Task goal: Would you give the listing back word for word once its pictures are removed?

Provided data:
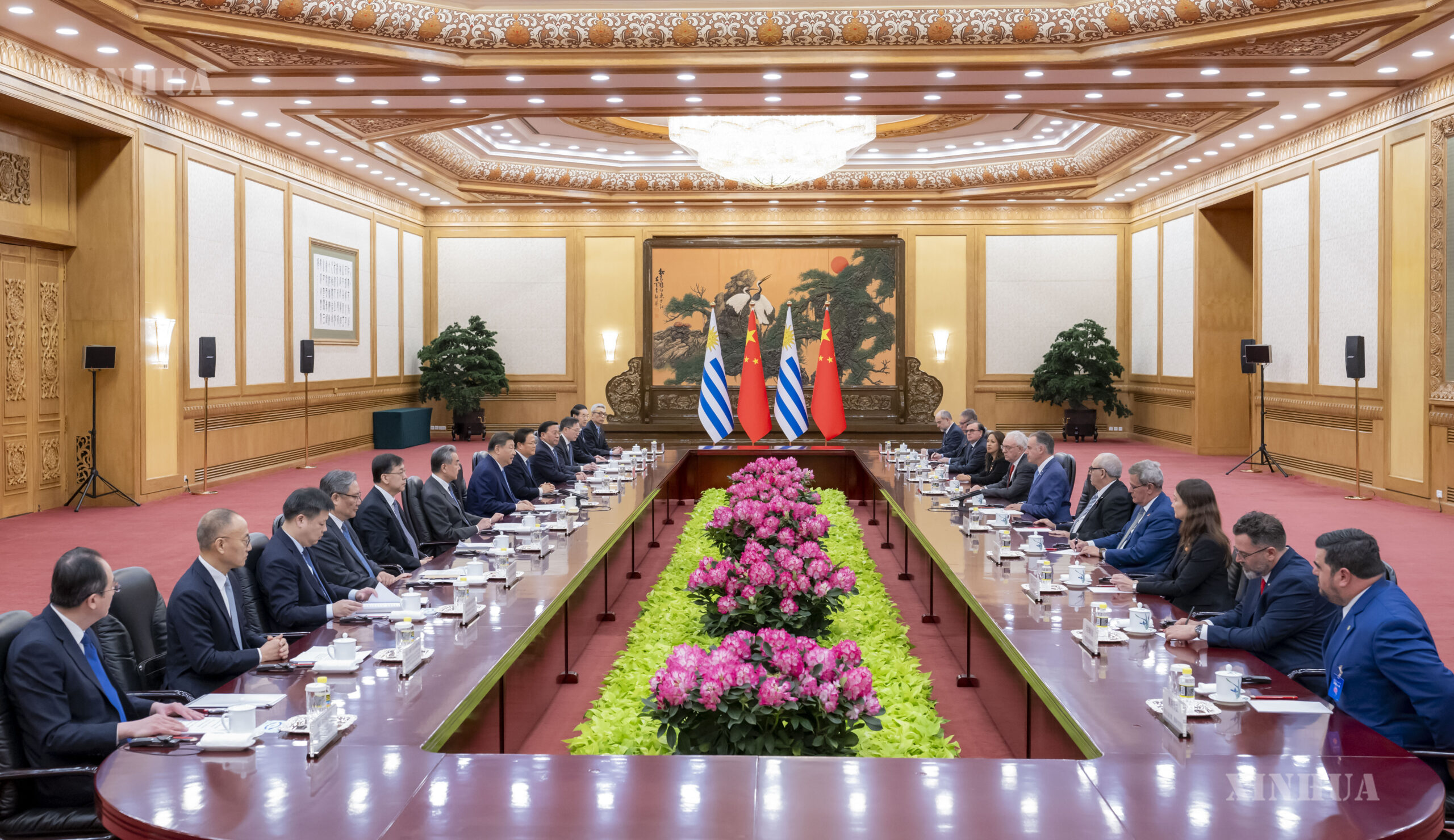 တရုတ်နိုင်ငံ သမ္မတ ရှီကျင့်ဖိန်နှင့် နိုင်ငံတော်ခရီးစဉ်အဖြစ် တရုတ်နိုင်ငံသို့ ရောက်ရှိနေသော ဥရုဂွေးနိုင်ငံ သမ္မတ Yamandu Orsi တို့ တရုတ်နိုင်ငံ မြို့တော် ပေကျင်းရှိ ပြည်သူ့ခန်းမဆောင်တွင် ၂၀၂၆ ခုနှစ် ဖေဖော်ဝါရီ ၃ ရက်က တွေ့ဆုံဆွေးနွေးနေစဉ် (ဆင်ဟွာ)
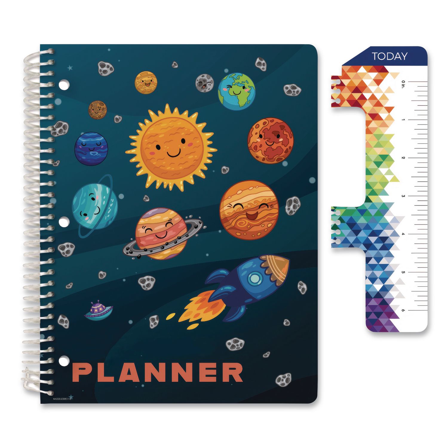Rocket through the solar system with the Happy Planets Elementary Student Assignment Organizer. Before each set of weekly spreads, a four-month spread helps students plan for what's to come, and each following weekly spread delivers a handy study tip as well as a checklist for the top three goals of the week. From there, the weekly spreads provide plenty of space for seven subjects per day with extra space for the weekends, followed by nearly 20 pages of education resources to help industrious students navigate ahead. Calendar Term: August 2025 to June 2026. Pocket Sized: No; Book-Binding Type: Spiral Coil; Book-Binding Details: Coil-Lock Spiral Wire; Book-Binding Edge: Side.
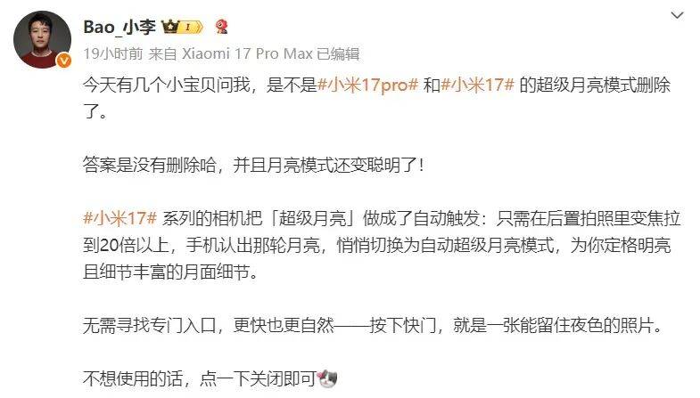 此外,他还回应了“是不是小米 17 Pro 和小米 17 的超级月亮模式删除了”这一问题。
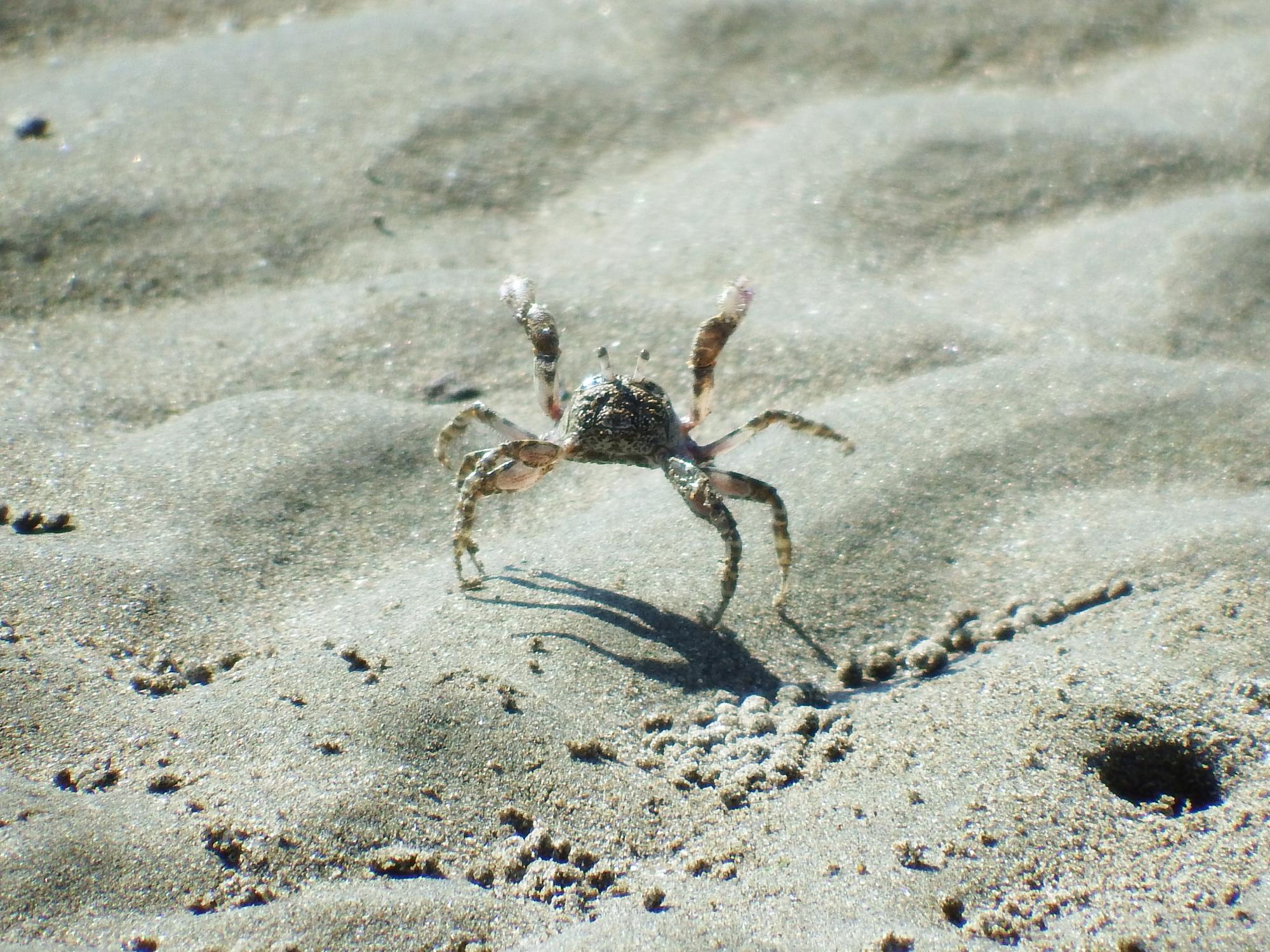 コメツキガニです。両手を上げて踊るカニは珍しい。スナガニの仲間なのでやはり砂団子を作ってます。

Solution below:
 တရုတ်နိုင်ငံ သမ္မတ ရှီကျင့်ဖိန်နှင့် နိုင်ငံတော်ခရီးစဉ်အဖြစ် တရုတ်နိုင်ငံသို့ ရောက်ရှိနေသော ဥရုဂွေးနိုင်ငံ သမ္မတ Yamandu Orsi တို့ တရုတ်နိုင်ငံ မြို့တော် ပေကျင်းရှိ ပြည်သူ့ခန်းမဆောင်တွင် ၂၀၂၆ ခုနှစ် ဖေဖော်ဝါရီ ၃ ရက်က တွေ့ဆုံဆွေးနွေးနေစဉ် (ဆင်ဟွာ)
Rocket through the solar system with the Happy Planets Elementary Student Assignment Organizer. Before each set of weekly spreads, a four-month spread helps students plan for what's to come, and each following weekly spread delivers a handy study tip as well as a checklist for the top three goals of the week. From there, the weekly spreads provide plenty of space for seven subjects per day with extra space for the weekends, followed by nearly 20 pages of education resources to help industrious students navigate ahead. Calendar Term: August 2025 to June 2026. Pocket Sized: No; Book-Binding Type: Spiral Coil; Book-Binding Details: Coil-Lock Spiral Wire; Book-Binding Edge: Side.
 此外,他还回应了“是不是小米 17 Pro 和小米 17 的超级月亮模式删除了”这一问题。
 コメツキガニです。両手を上げて踊るカニは珍しい。スナガニの仲間なのでやはり砂団子を作ってます。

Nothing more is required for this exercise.